Ах! зло на свете бесконечно,
И люди будут — люди вечно.
Но что же нам, о друг любезный,
Осталось делать в жизни сей,
Когда не можем быть полезны,
Не можем пременить людей?
Оплакать бедных смертных долю
И мрачный свет предать на волю
Судьбы и рока: пусть они,
Сим миром правя искони,
И впредь творят что им угодно!
А мы, любя дышать свободно,
Себе построим тихий кров
За мрачной сению лесов [387],
Куда бы злые и невежды
Вовек дороги не нашли
И где б, без страха и надежды,
Мы в мире жить с собой могли [388].
«Без страха и надежды» — предельно точная формула той позы, в которой находится теперь поэт в отношении к миру. Этому соответствует и декларативный отказ от литературной деятельности, как обращенной именно к этому миру: «На долго прощаюсь с Литературою», — пишет Карамзин Дмитриеву в начале 1795 года [389]… и одновременно развертывает исключительно активную деятельность профессионального литератора. В 1794 году выходит первая часть «Аглаи», две части сборника «Мои безделки», куда вошли сочинения Карамзина в прозе и стихах, извлеченные из «Московского журнала», первая часть переведенных с французского «Новых Мармонтелевых повестей». Была написана повесть «Юлия», опубликованная в 1796 году. В 1795 выходит второй том «Аглаи», Карамзин начинает сотрудничать в «Московских ведомостях», ведет там раздел «Смесь», в котором публикует 169 небольших статеек, отдельным изданием выходит перевод повести Ж. Сталь «Мелина». В 1796 году вышла отдельным изданием повесть «Юлия» (и через год — во французском переводе), первая книга «Аонид», два тома «Аглаи» вторым изданием, отдельным изданием «Бедная Лиза» и в конце года — отдельным изданием «Ода на случай присяги московских жителей императору Павлу I».

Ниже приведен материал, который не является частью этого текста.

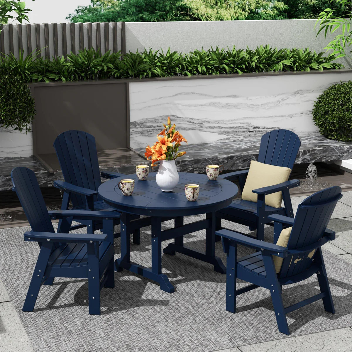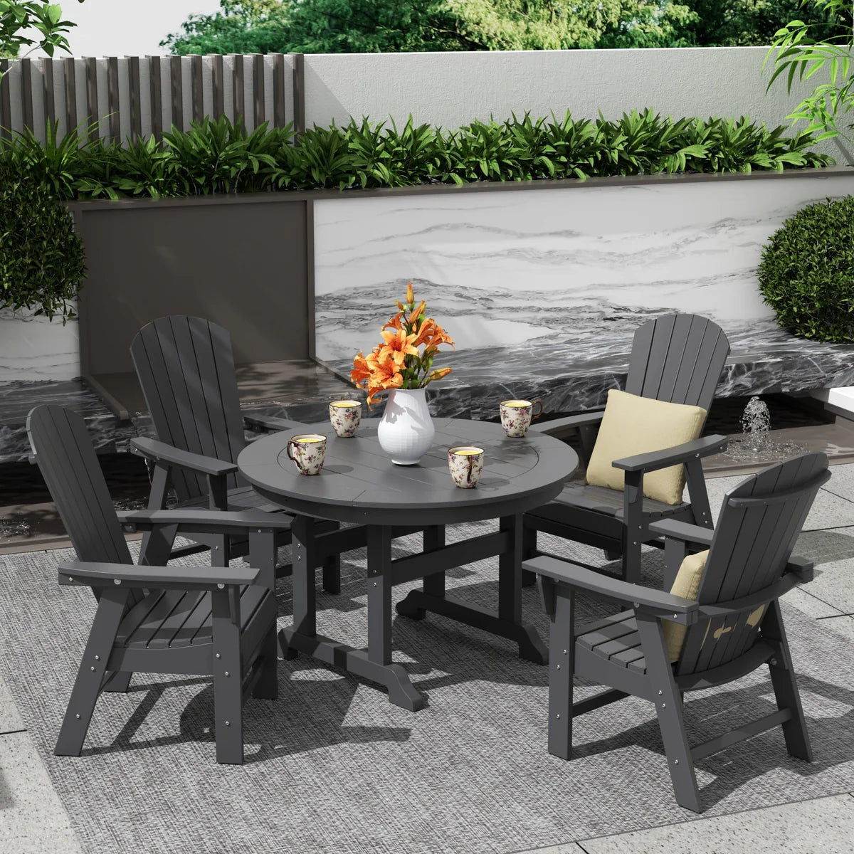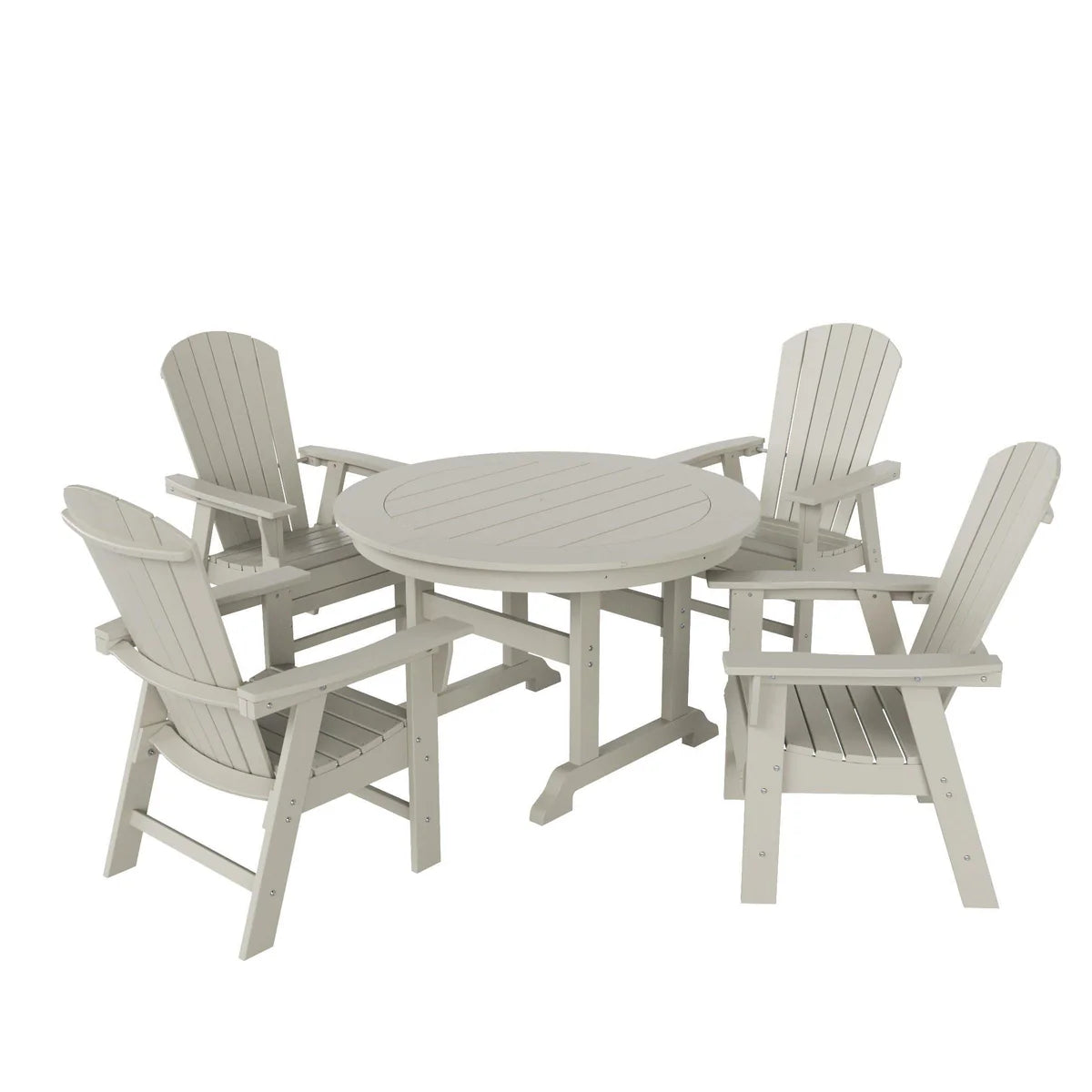 5-Piece Round Dining Table and 6-Slat Adirondack Style Chair Set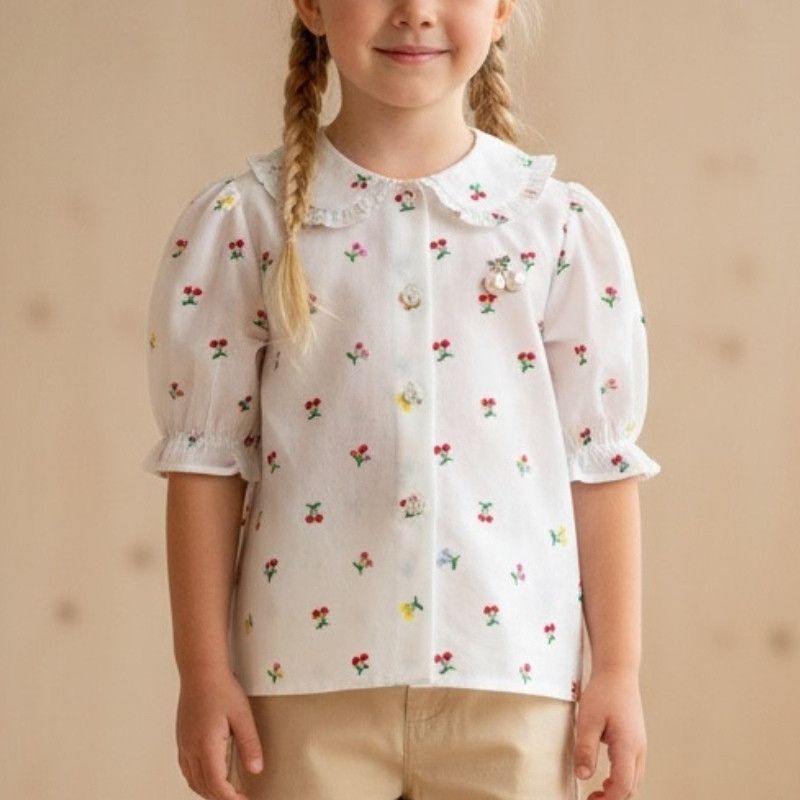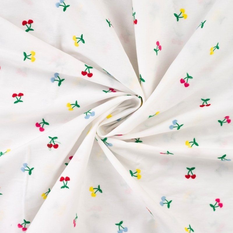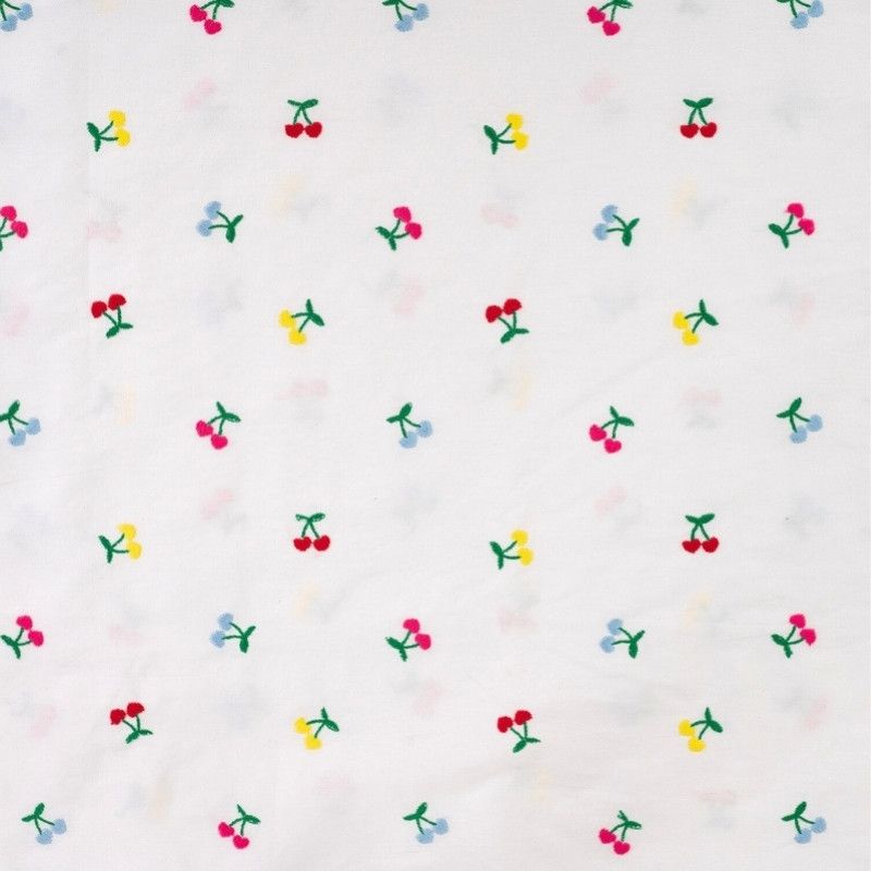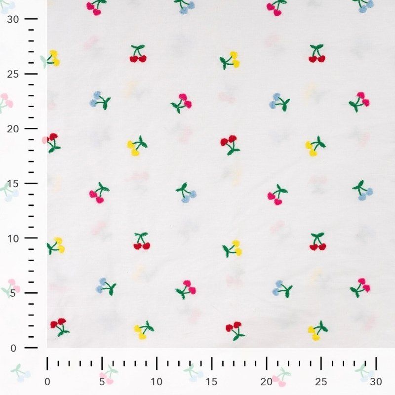 Voile de coton blanc, tapissé de petites cerises brodées. Ce qui rend ce tissu encore plus beau ? La palette de couleurs des broderies, allant du rose fuchsia au rouge, en passant par du jaune et du bleu ciel.

Одновременно был написан ряд стихотворений (среди них программного значения), которые публиковались в 1797 году и позже.
Если вспомнить, что вся эта писательская и издательская деятельность требовала постоянных связей с типографиями и книгопродавцами (печатать вторые издания имело смысл лишь когда разошлись первые, надо было следить за спросом), чтения корректур. Издание «Аонид» потребовало большой организационной работы по приглашению авторов, отбору текстов, вплоть до заботы о шрифтах и бумаге. Из письма Дмитриеву: «Дней пять занимаюсь я новым планом: выдать к новому году русский Almanach des Muses в маленькой формат, на голландской бумаге, и проч. Надеюсь на твою Музу: она может произвести к тому времени довольно хорошего. Михайло Матвеевич <Херасков>, Нелединской и проч. что нибудь напишут; а ты мог бы в Петербурге сказать о том Гав.<риле> Романовичу <Державину>, Львову, Козодавлеву и прочим. Они бы также дали нам несколько пиес. Начнем — а другие со временем возьмут на себя продолжение. Откроем сцену для русских стихотворцев, где бы могли они без стыда показываться публике. Отгоним прочь всех уродов, но призовем тех, которые имеют какой нибудь талант! Естьли мало наберется хорошего, поместим изрядное; но подлого, нечистого, каррикатурного, нам не надобно. Таким образом всякой год могли бы мы выдавать маленькую книжечку стихов — и дамам нашим не стыдно б было носить ее в кармане» [390]. Замысел этот реализовался под названием «Аониды».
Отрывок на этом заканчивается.